The clinical size and market of cartilage and osteochondral problems is expanding due to the ageing worldwide population and the most common treatment approaches are ineffective at halting the progression of degeneration of the tissue [65, 66, 69]. Thus, tissue engineering strategies are key in solving this pressing clinical problem. The design specification of any biomaterial-based 3D construct must fulfil a stringent criterion requiring suitable biomaterial selection, scaffold architecture, fabrication technique, stimulatory factors, and tissue maturation.

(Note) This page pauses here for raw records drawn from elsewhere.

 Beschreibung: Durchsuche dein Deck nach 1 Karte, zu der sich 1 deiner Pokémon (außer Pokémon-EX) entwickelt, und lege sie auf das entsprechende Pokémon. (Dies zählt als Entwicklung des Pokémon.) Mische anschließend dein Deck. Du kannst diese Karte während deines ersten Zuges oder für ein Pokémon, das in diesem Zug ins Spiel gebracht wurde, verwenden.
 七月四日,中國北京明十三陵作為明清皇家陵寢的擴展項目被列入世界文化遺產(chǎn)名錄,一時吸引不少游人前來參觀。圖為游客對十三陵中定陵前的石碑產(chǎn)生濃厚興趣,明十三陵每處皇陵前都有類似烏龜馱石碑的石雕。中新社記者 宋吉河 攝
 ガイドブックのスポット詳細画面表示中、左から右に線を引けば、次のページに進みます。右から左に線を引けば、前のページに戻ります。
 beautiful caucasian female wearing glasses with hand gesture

Key areas of research include the maintenance of phenotype in the engineered tissue construct and the prevention of hypertrophic or fibrocartilage phenotypes being expressed. Expansion of therapeutic cells in vitro to sufficient quantities for clinical applications whilst maintaining cell phenotype is a key challenge and research goal. The number of autologous chondrocytes that can be harvested is limited and subsequent passaging rapidly induces phenotypic changes. Thus, the development of in vitro culturing processes that maintain chondrocyte phenotype and guide chondrogenic development of alternative cell sources. Allogenic cells are an attractive source as articular cartilage is typically considered immune-privileged due to its avascular nature thus allowing the use of allografts. However, this is dependent on implant location within the joint and proximity to the synovium consequently this needs to be taken into consideration when developing tissue engineering therapies [223].

Another important issue concerns to the development of more effective strategies to promote the integration of tissue constructs with the host healthy tissue in an osteochondral defect, although in total replacement the strategy would primarily to be to anchor the neocartilage to underlying bone. Furthermore, the underlying biological behaviour of the tissue, the early-stage developmental biology, haemostatic processes in adult tissue, and the inflammatory environment in osteoarthritic joints need further understanding.

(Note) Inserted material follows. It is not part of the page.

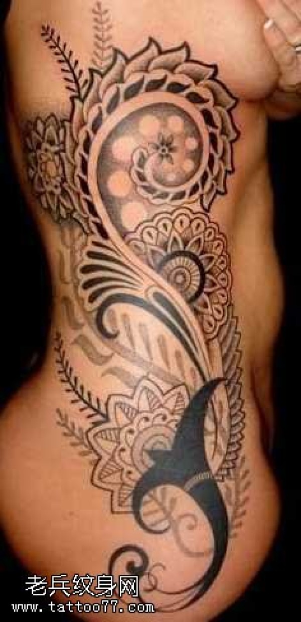 女性腰部莲花花纹刺青_腰部纹身图案大全_纹身图吧

This knowledge may unlock key aspects of the tissue which may guide tissue engineering strategies. This could require a strategy of multiple stimulatory factors (e.g. growth factors and mechanical stimulation) over an extended maturation time of up to many years to mimic the underlying biological development of the tissue and even then, the incorporation of permanent mechanical structures may be necessary. Subsequently, future studies should focus on a multi-stimulatory environment, long-term studies to determine phenotypic alterations and tissue formation, and the development of novel bioreactor systems that can more accurately resemble the in vivo environment. Furthermore, novel approaches utilising gene therapy combined with tissue engineering scaffolds are also a promising approach which may offer a route to solving intractable issues surrounding articular cartilage degeneration [224, 225]. Finally, a clear and considered route in the development process of the materials, structures, and strategy should be evaluated prior and during the research phase to expediate clinical and regulatory approval. This will allow faster and more successful access to animal trials and eventually human clinical trials with the prospect of an efficacious therapy being developed.